In fact, the spate of allegations against Mills shows that she has gone from being an object of envy, particularly for other women - the working-class girl who nabbed a multimillionaire - to a woman whose reputation is seen as an irresistible target. In tabloid terms, she's a fallen woman, geddit?

I think this is a miscalculation. After their split last month, McCartney leapt to the defence of his estranged wife, who is also (let us not forget) the mother of the couple's young daughter. If he continues to support Mills, the biggest obstacle faced by most people who want to bring a libel action - the crippling cost - will not apply in this case. I'm not a fan of this country's defamation laws, but this is one occasion when I look forward to seeing editors trying to justify what amounts to shameless bullying of a disabled woman whose marriage has broken down and who has recently undergone a major operation.

What may be of some comfort to Mills is that the use of words such as whore, hooker, prostitute and slut - another insult Chris Moyles likes, having hurled it at newsreader Georgina Bowman in November - reveals more about whoever's using them than the intended target. In Moyles's case, you don't have to be a genius to work out that a fat, slobbish, deeply unattractive man is acting out his sexual disgust by verbally abusing women; the puzzling bit is that the BBC apparently pays him £630,000 a year to do it. (Are misogynists really that expensive? I thought they were ten a penny.)

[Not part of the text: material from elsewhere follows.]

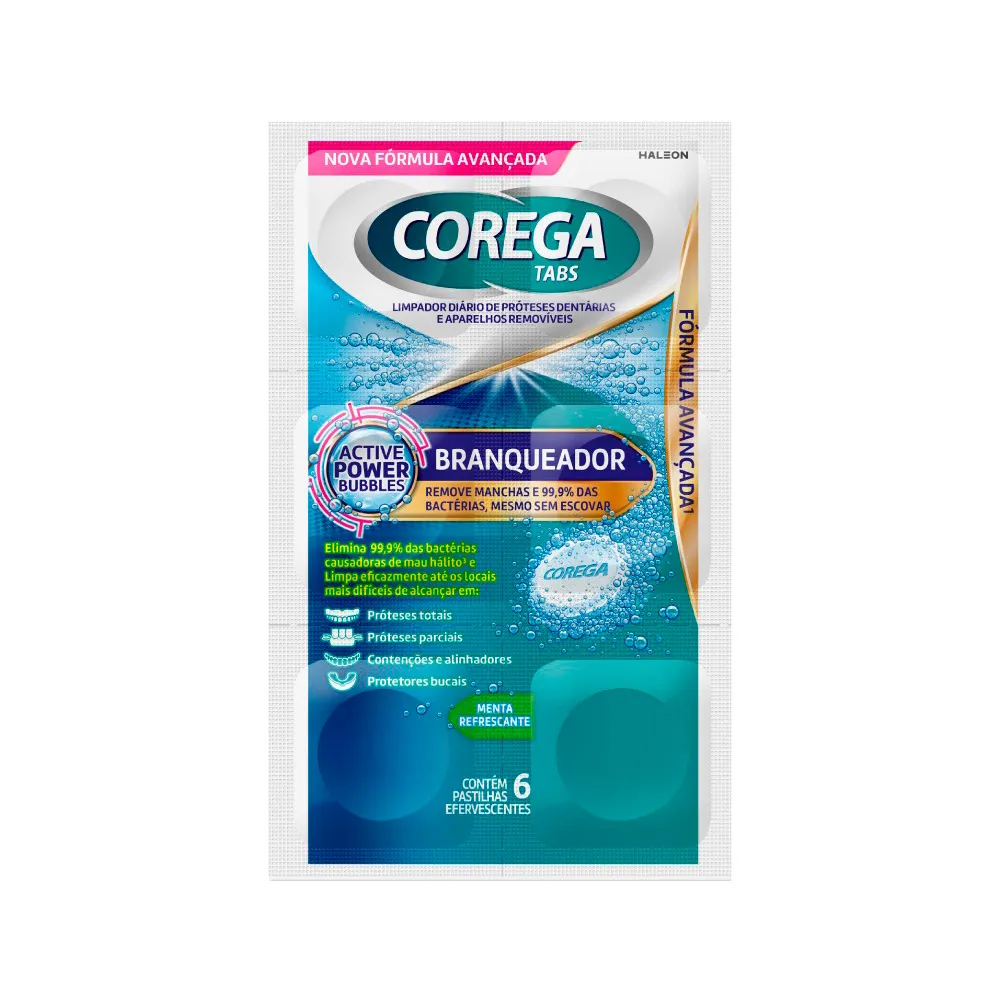 Para aqueles que procuram uma limpeza profunda em aparelhos removíveis, aparelhos ortodônticos, dentaduras, protetores bucais e próteses dentárias, Corega Tabs é a solução perfeita. Em apenas 15 minutos, Corega age na limpeza profunda, eliminando 99,9% das bactérias causadoras do mau hálito. Além disso, a fórmula não abrasiva garante uma limpeza eficaz sem danificar o seu aparelho bucal. Corega Tabs Branqueador também age nas manchas, promovendo uma limpeza profunda e removendo até as manchas mais difíceis. Para utilizar Corega, basta colocar uma pastilha em um copo com água morna, submergir o aparelho ou próteses na solução e deixá-lo de molho por 15 minutos. Em seguida, escove o aparelho com a própria solução de Corega Tabs, enxágue bem em água corrente e descarte a solução. Para uma saúde bucal ainda mais completa, é recomendado utilizar um creme dental e escova adequados.

When a man calls a woman a whore, he usually means two things: that she enjoys sex too much, and she isn't doing it with him. The same goes for slut, slag and slapper, insults which still have no male equivalent. (Which male pop star or footballer is going to complain about being called a stud?) It's an expression of desire, frustration and anger, as Jane Mills explained in her illuminating book Womanwords: "The way in which whore has been used reveals an ambivalence: there is both an abhorrence of the flesh and a passion for it. These two feelings live side by side, unreconciled."

Ever since the sexual revolution - when, by the way, the quaint term "hooker" came into fashion and quickly disappeared again - women have been caught between two anxieties: being too sexy and not being sexy enough. When a girl or woman says no, she may find herself accused of being frigid or a lesbian; if she is unlucky, she may become the victim of sexual assault of rape. But what insecure men really hate is a woman who is having sex, enjoying it and isn't available to them, which is a fair description of what Heather Mills was assumed to be doing when she was living with the former Beatle.

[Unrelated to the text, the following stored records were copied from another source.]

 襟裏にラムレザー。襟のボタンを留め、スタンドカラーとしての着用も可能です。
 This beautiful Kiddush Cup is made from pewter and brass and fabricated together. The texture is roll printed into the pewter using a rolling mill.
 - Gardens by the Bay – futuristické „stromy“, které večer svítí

In that sense, the widespread casual use of words like "whore" suggests a sharpening of the power struggle that began in the Seventies when feminism first challenged the hypocrisies of the sexual revolution. We were supposed to believe a raft of contradictory things, including that prostitutes were the epitome of the sexually liberated woman, loving their jobs and calling themselves happy hookers, when life for most of them remained pretty grim. It's not difficult to work out that what's going on today is yet another attempt to get women back under male control; when seedy DJs and hacks hurl sexual insults at famous women, they're secretly hoping we'll keep quiet about enjoying sex and stop upsetting them with a vision of something they can't attain.

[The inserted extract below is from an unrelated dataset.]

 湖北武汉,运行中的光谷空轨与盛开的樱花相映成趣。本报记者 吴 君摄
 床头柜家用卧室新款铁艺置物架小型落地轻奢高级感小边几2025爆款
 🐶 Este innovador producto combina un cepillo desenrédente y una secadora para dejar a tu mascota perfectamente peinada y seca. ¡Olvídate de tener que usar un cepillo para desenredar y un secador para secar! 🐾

It's a form of scare tactics which didn't work in the Seventies and isn't working now. Plenty of women are fed up with "raunch" culture, which requires us to behave at all times as though we're auditioning for a job at Spearmint Rhino. But we're equally fed up with the sustained verbal abuse of attractive, sexually active women in entertainment and the media. When my friends and I hear women being called whores, we don't think any the less of them. As the lottery slogan goes, it could be you.